A Mathematics Riddle

Not even sure if I should expose my ignorance (or that of others) here. But this question has been bugging me for a few years now. And I don't see any street protests by mathematicians anywhere. So may be I am wrong. But let me get the bug out of my system anyway.

A percentile is a great invention, by someone who wanted to compare people. As scales go, it is supposed to measure things on an ordinal, or comparative, scale. By definition, it is the number of people below you, if your percentile score is being discussed. If I have a 75 percentile, it should mean that 75% of the students who took the exam with me are below my score (whatever the raw score- that could be 5, or 50, or even 0, if negative marking is allowed, coz some would score minus marks in such a scenario).

Now, a percentile score of 100 is an impossibility by this definition. Because you are one of the people who make up the 100% of the test-taking population.
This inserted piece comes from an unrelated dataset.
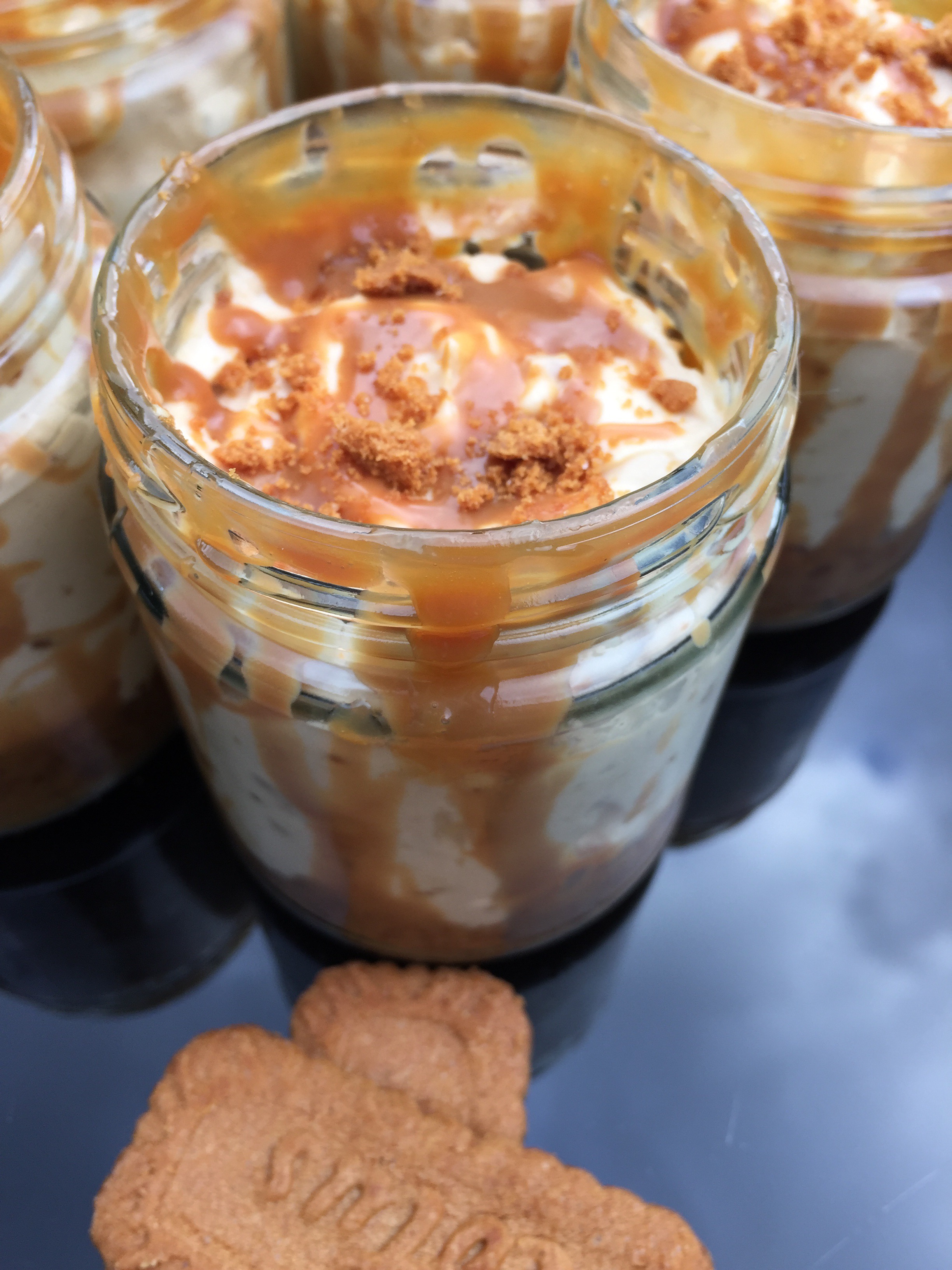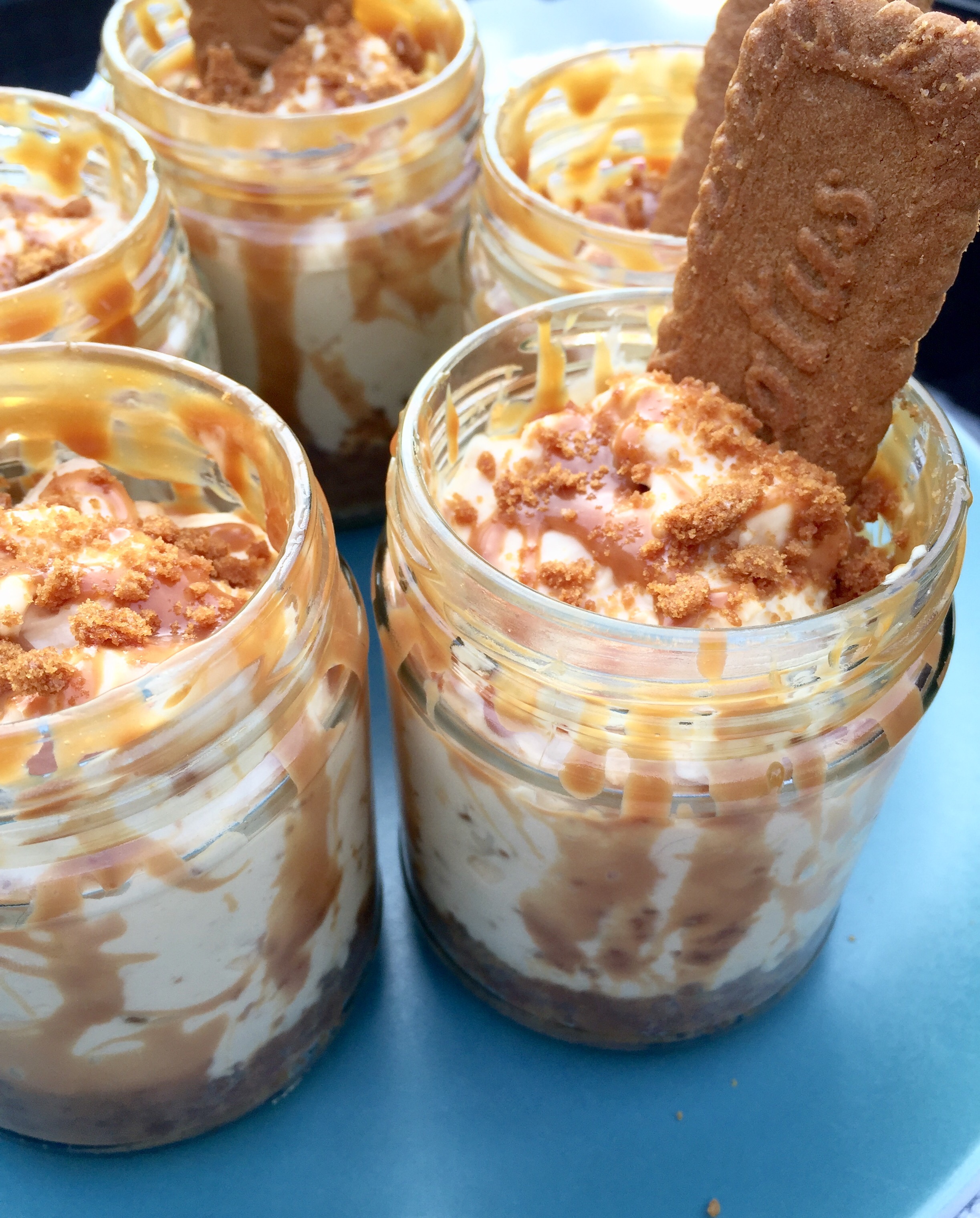5. Spread on top of the biscuit base(s), smoothing with a palette knife if possible and place back in the fridge to fully set overnight. This is ideal, if not possible then a minimum of 4-6 hours (we gobbled our I’m jar versions after 4 hours because we couldn’t wait)

Therefore, you necessarily have to exclude yourself while stating your percentile score- if 100% of the people were below your score, then who are you (only in a limited, not an existential, sense) ?

I have a major problem here. Hope the CATs of tis world and the reporters (don't know if they have a stats course) will solve this riddle for me.

Meoww!

3 comments:

Diamond Head said...

According to the concept of duality - regardless of 'percentile' if you are 'person' standing on the 'tile' you could still be on the ceiling (For the fella below you). Are you floored oh mortal!

Dr. Seven said...

Yes, a percentile score of 100 on a test is not possible. Does CAT give a 100 as a percentile score to students?
For a large enough number of test takers, though, one could get very close to 100. Say 99.99999th percentile. Perhaps at some point they decide to round up and say that the percentile score is 100 for all practical purposes, even though technically incorrect.

Rajendra said...

Not only do they give it, but every newspaper announces how many got a 100 percentile. It's infantile, but probably rounding it off without telling anyone.

DH, thanks for letting me know where I stand- on a tile!